AIM OF THE EXERCISE: In the entries below, find the line with "Lampada d'appoggio in" and the line with "La reducción de"; copy them and every line between them exactly, but not the pictures.

SOURCE MATERIAL:
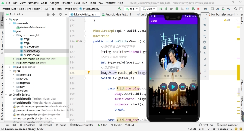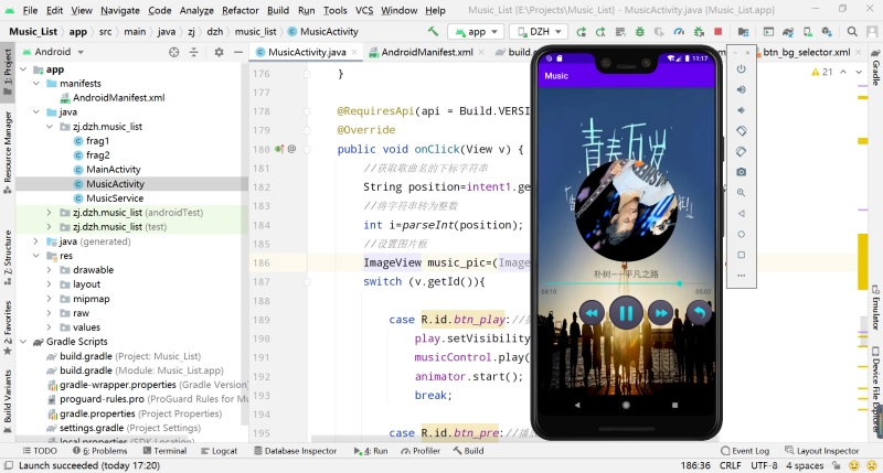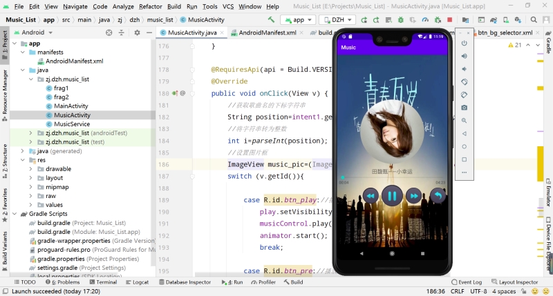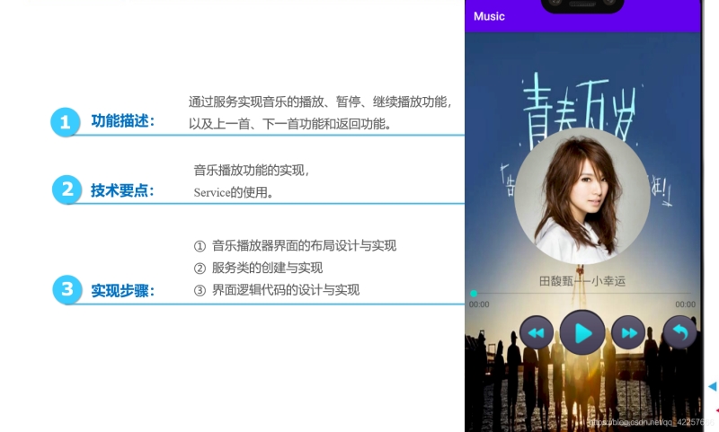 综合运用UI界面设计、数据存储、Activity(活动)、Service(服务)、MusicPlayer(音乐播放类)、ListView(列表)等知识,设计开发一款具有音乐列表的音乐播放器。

==

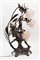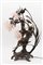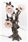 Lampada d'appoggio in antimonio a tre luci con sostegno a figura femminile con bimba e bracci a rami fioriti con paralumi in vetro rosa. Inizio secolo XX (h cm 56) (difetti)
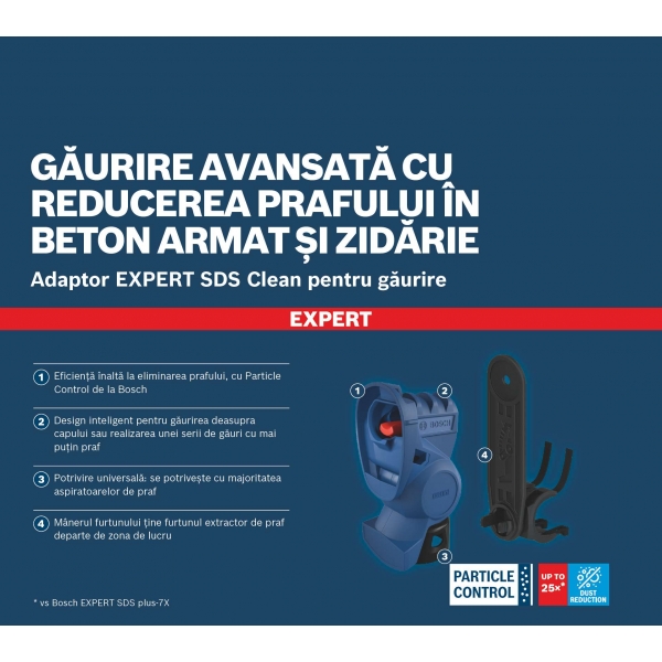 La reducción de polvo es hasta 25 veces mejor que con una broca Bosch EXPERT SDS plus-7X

* * *

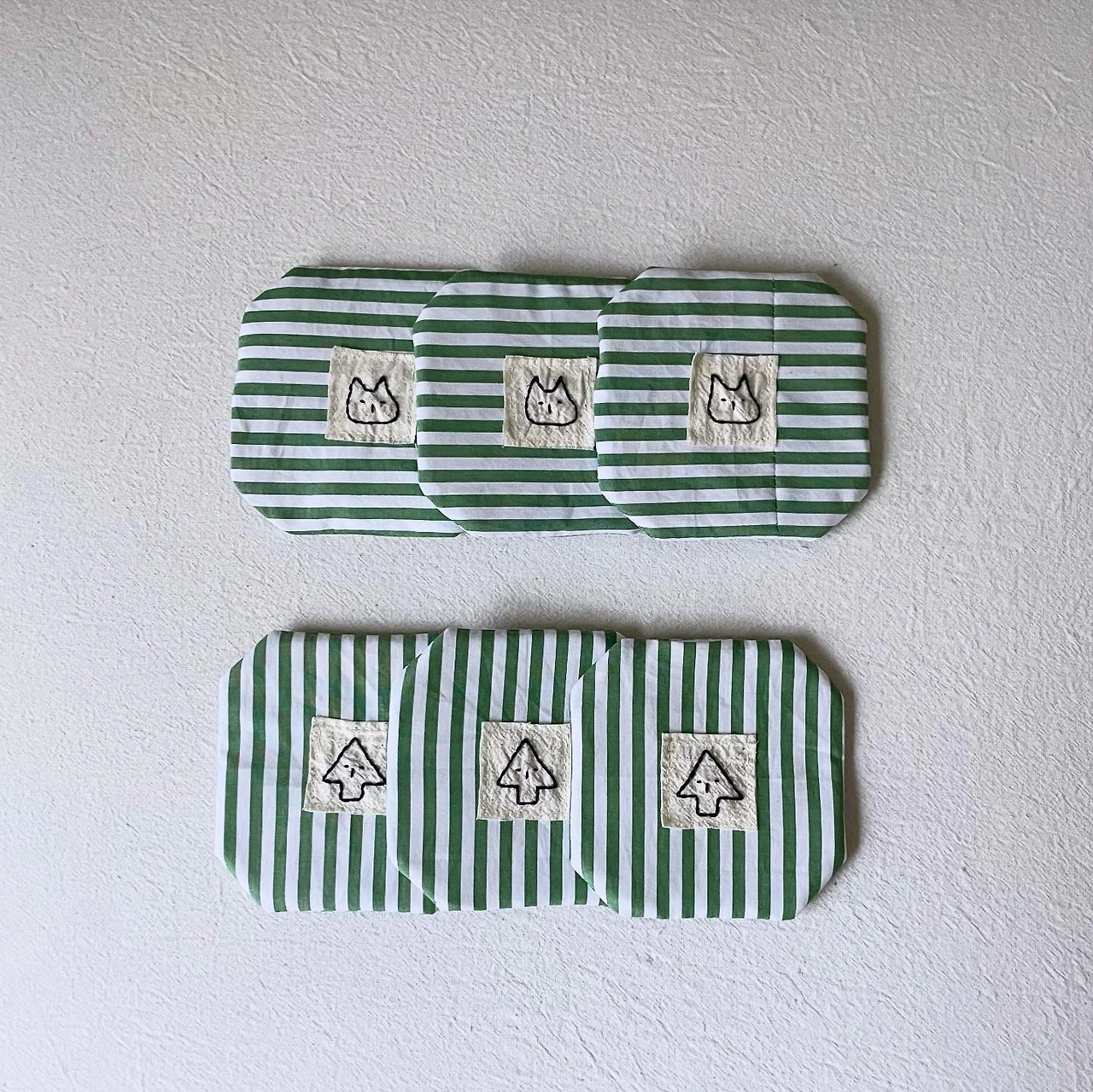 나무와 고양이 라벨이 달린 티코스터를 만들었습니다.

OUTPUT FOR THIS EXERCISE:
 Lampada d'appoggio in antimonio a tre luci con sostegno a figura femminile con bimba e bracci a rami fioriti con paralumi in vetro rosa. Inizio secolo XX (h cm 56) (difetti)
 La reducción de polvo es hasta 25 veces mejor que con una broca Bosch EXPERT SDS plus-7X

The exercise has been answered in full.